WHAT TO WORK ON:
Print the records exactly and in full, please; the pictures stay out.

SUPPLIED ENTRIES START

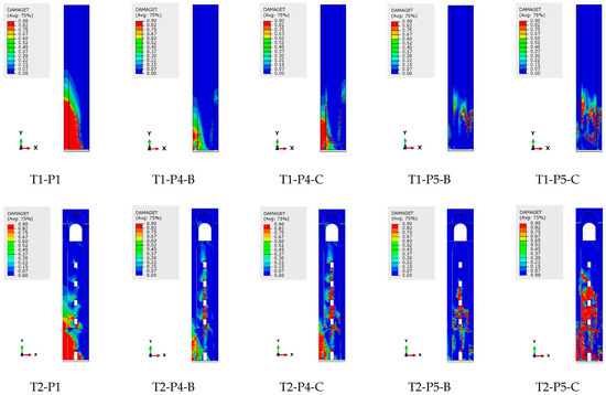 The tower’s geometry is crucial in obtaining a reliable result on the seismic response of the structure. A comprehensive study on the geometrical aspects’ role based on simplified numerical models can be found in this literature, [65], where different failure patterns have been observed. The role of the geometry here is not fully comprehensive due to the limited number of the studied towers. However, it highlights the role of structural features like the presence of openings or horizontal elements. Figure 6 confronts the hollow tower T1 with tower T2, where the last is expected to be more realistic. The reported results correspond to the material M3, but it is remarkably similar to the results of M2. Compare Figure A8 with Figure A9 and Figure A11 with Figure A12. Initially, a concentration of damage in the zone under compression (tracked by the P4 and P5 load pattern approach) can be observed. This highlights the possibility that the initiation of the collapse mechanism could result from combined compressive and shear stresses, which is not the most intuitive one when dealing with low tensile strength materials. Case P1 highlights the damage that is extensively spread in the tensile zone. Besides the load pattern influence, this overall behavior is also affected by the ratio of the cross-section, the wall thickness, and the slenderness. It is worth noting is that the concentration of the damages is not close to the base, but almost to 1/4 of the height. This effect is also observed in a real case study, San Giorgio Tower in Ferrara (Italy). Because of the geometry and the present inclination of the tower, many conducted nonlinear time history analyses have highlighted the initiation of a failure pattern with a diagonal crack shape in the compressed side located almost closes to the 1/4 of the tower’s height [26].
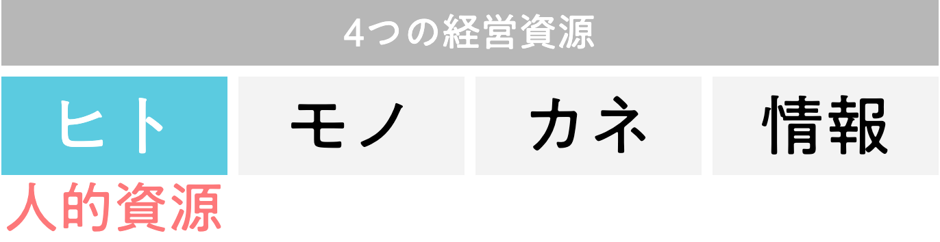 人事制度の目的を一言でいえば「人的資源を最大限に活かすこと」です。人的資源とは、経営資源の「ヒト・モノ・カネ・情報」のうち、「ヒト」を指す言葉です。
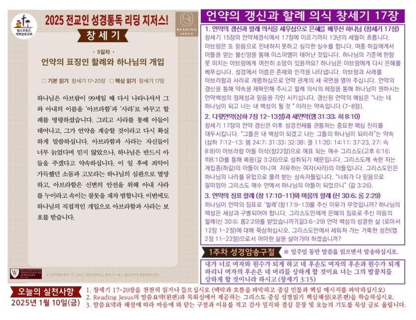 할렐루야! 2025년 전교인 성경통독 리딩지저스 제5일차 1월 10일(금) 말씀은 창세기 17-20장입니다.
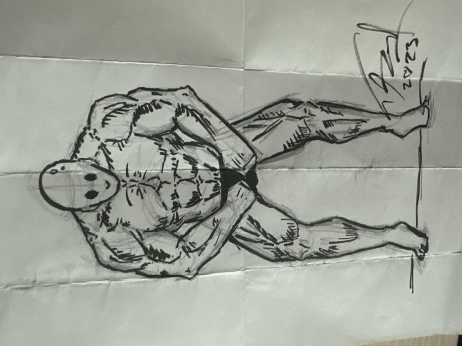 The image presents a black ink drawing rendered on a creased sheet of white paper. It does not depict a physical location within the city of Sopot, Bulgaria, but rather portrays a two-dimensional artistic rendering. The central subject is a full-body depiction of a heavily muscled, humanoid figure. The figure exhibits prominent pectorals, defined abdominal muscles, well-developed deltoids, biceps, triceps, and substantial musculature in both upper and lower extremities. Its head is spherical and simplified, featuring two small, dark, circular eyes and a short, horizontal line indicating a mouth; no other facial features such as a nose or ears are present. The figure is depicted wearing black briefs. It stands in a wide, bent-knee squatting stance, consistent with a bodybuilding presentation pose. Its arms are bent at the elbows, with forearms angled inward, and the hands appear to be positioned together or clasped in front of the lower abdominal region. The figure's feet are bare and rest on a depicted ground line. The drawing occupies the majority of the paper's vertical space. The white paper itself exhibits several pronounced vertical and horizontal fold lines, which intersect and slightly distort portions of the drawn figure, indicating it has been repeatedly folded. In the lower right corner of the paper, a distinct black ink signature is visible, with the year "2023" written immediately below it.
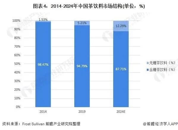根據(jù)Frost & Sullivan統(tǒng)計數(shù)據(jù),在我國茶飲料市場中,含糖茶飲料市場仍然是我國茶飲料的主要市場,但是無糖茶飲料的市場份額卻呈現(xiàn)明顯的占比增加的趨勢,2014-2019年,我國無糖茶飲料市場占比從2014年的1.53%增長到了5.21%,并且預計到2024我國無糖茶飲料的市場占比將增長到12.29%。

SUPPLIED ENTRIES END

YOUR SOLUTION:
 The tower’s geometry is crucial in obtaining a reliable result on the seismic response of the structure. A comprehensive study on the geometrical aspects’ role based on simplified numerical models can be found in this literature, [65], where different failure patterns have been observed. The role of the geometry here is not fully comprehensive due to the limited number of the studied towers. However, it highlights the role of structural features like the presence of openings or horizontal elements. Figure 6 confronts the hollow tower T1 with tower T2, where the last is expected to be more realistic. The reported results correspond to the material M3, but it is remarkably similar to the results of M2. Compare Figure A8 with Figure A9 and Figure A11 with Figure A12. Initially, a concentration of damage in the zone under compression (tracked by the P4 and P5 load pattern approach) can be observed. This highlights the possibility that the initiation of the collapse mechanism could result from combined compressive and shear stresses, which is not the most intuitive one when dealing with low tensile strength materials. Case P1 highlights the damage that is extensively spread in the tensile zone. Besides the load pattern influence, this overall behavior is also affected by the ratio of the cross-section, the wall thickness, and the slenderness. It is worth noting is that the concentration of the damages is not close to the base, but almost to 1/4 of the height. This effect is also observed in a real case study, San Giorgio Tower in Ferrara (Italy). Because of the geometry and the present inclination of the tower, many conducted nonlinear time history analyses have highlighted the initiation of a failure pattern with a diagonal crack shape in the compressed side located almost closes to the 1/4 of the tower’s height [26].
 人事制度の目的を一言でいえば「人的資源を最大限に活かすこと」です。人的資源とは、経営資源の「ヒト・モノ・カネ・情報」のうち、「ヒト」を指す言葉です。
 할렐루야! 2025년 전교인 성경통독 리딩지저스 제5일차 1월 10일(금) 말씀은 창세기 17-20장입니다.
 The image presents a black ink drawing rendered on a creased sheet of white paper. It does not depict a physical location within the city of Sopot, Bulgaria, but rather portrays a two-dimensional artistic rendering. The central subject is a full-body depiction of a heavily muscled, humanoid figure. The figure exhibits prominent pectorals, defined abdominal muscles, well-developed deltoids, biceps, triceps, and substantial musculature in both upper and lower extremities. Its head is spherical and simplified, featuring two small, dark, circular eyes and a short, horizontal line indicating a mouth; no other facial features such as a nose or ears are present. The figure is depicted wearing black briefs. It stands in a wide, bent-knee squatting stance, consistent with a bodybuilding presentation pose. Its arms are bent at the elbows, with forearms angled inward, and the hands appear to be positioned together or clasped in front of the lower abdominal region. The figure's feet are bare and rest on a depicted ground line. The drawing occupies the majority of the paper's vertical space. The white paper itself exhibits several pronounced vertical and horizontal fold lines, which intersect and slightly distort portions of the drawn figure, indicating it has been repeatedly folded. In the lower right corner of the paper, a distinct black ink signature is visible, with the year "2023" written immediately below it.
根據(jù)Frost & Sullivan統(tǒng)計數(shù)據(jù),在我國茶飲料市場中,含糖茶飲料市場仍然是我國茶飲料的主要市場,但是無糖茶飲料的市場份額卻呈現(xiàn)明顯的占比增加的趨勢,2014-2019年,我國無糖茶飲料市場占比從2014年的1.53%增長到了5.21%,并且預計到2024我國無糖茶飲料的市場占比將增長到12.29%。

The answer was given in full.